In August 2025, Apple patched CVE-2025-43300 — a heap out-of-bounds write in ImageIO's RawCamera codec. A crafted DNG image with mismatched metadata (TIFF SamplesPerPixel disagreeing with the JPEG SOF3 component count) caused the allocation to be sized for one geometry while the decode loop wrote for another. Pattern A.

The bug was chained with a WhatsApp authorization flaw (CVE-2025-55177) for zero-click delivery. The crafted image reached ImageIO during thumbnail generation. No tap, no preview, no user decision — just a message arriving on the device. The attack targeted fewer than 200 individuals.

The underlying bug class — a metadata disagreement causing an allocation/decode mismatch in a vendor-specific codec — is the same pattern that keeps appearing across codebases. The specific codec was custom.

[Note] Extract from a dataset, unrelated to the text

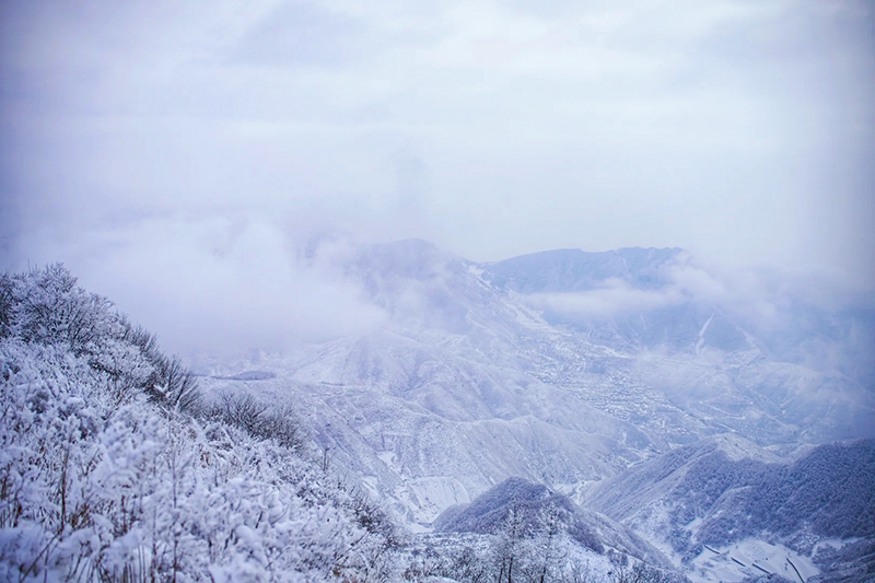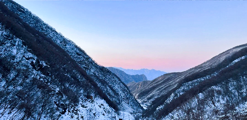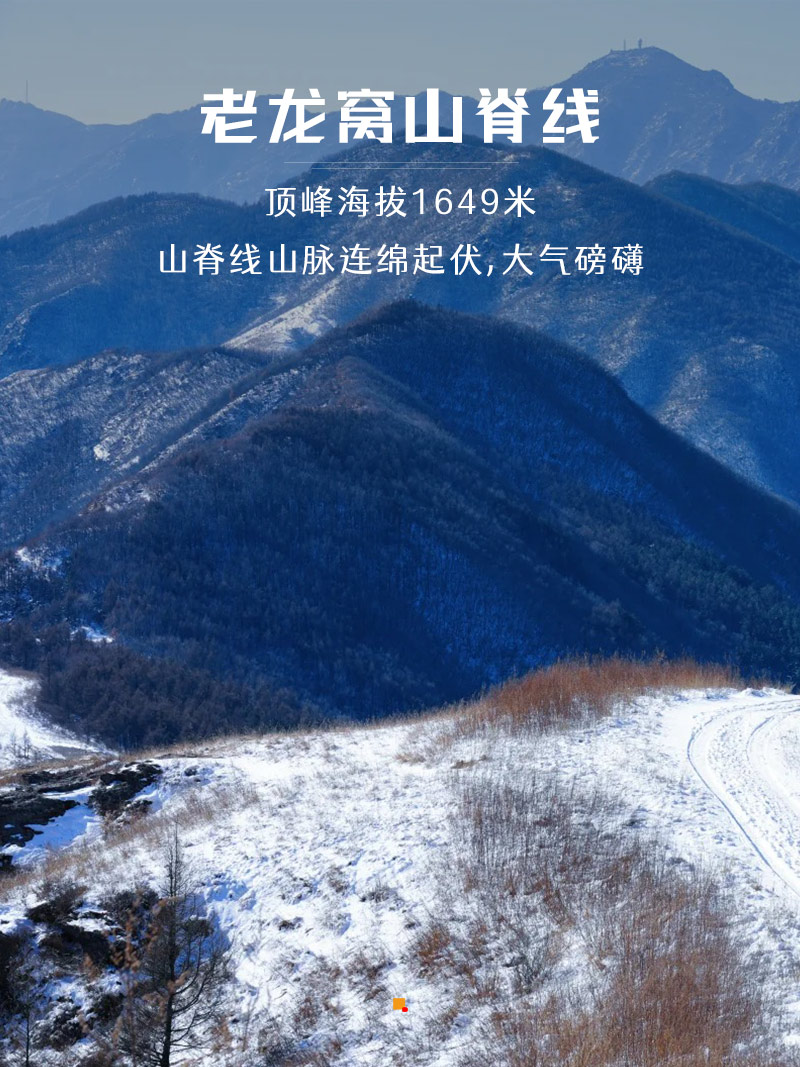 老龙窝在房山区和门头沟区交界处。东距门头沟大 峪约32公里。海拔1649米,属北京西山,是清水河与大石河的分水岭。当寒流南下,京西山脉褪去斑斓,披上银装,海拔1649米的老龙窝便展现出它最纯粹、最静谧,也最威严的一面。老龙窝标志性的绵长山脊线,在积雪覆盖下化为一条气势磅礴的“银龙”,在湛蓝天空下勾勒出震撼的天际线。徒步其上,宛如行走在天地脊梁。山间潮湿气流遇冷凝结,为针叶林和高山灌木披上厚重的雾凇(树挂)。阳光之下,冰晶闪烁,宛如梦幻的“冰雪森林”,是摄影的绝佳题材。
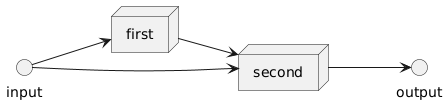 @startuml left to right direction interface input interface output node first node second first --> second input --> first input --> second second --> output @enduml

The vulnerability pattern was not.

The delivery mechanism changes — iMessage, WhatsApp, email, AirDrop — but the code execution primitive is always the same: a media parser trusting two independent authorities that disagree.

What Defenders Should Know

If you maintain a media parsing codebase:

Use checked arithmetic for every dimension multiplication. __builtin_mul_overflow, SafeInt, or equivalent. Don't rely on C integer promotion to do the right thing — it won't.

Match integer widths in cross-checks. If one side of a comparison is 64-bit, the other must be too. A mixed-width comparison with sign extension is worse than no check at all, because it creates a false sense of safety.

Bound the decode loop from both directions. Check input bytes remaining AND output bytes remaining on every iteration. The output check alone doesn't prevent OOB reads. The input check alone doesn't prevent OOB writes.

Audit subclass allocations separately from the base class. The framework may provide checked arithmetic helpers. That doesn't mean every codec subclass uses them.

Block compression types you haven't audited. A whitelist of known-safe codecs is more valuable than trying to harden every possible decompression path. I've seen whitelists that exist specifically to block known-vulnerable legacy codecs — the blocked types have bugs; the whitelist is the mitigation.

Closing Thought

Decompression loops are one of the oldest bug classes in software security. We've been finding integer overflows in image parsers for decades. And yet, in 2026, I'm still finding them — not in abandoned legacy code, but in actively-maintained, hardened, security-reviewed codebases on shipping platforms.

The reason is structural. Every new codec, every new vendor-specific compression scheme, every new container format creates a fresh decompression loop. The defenses don't inherit. They have to be re-implemented in every new inner loop. And the inner loop is where developers optimize for performance and cut safety margins.

The bug class is old. The instances are new every year.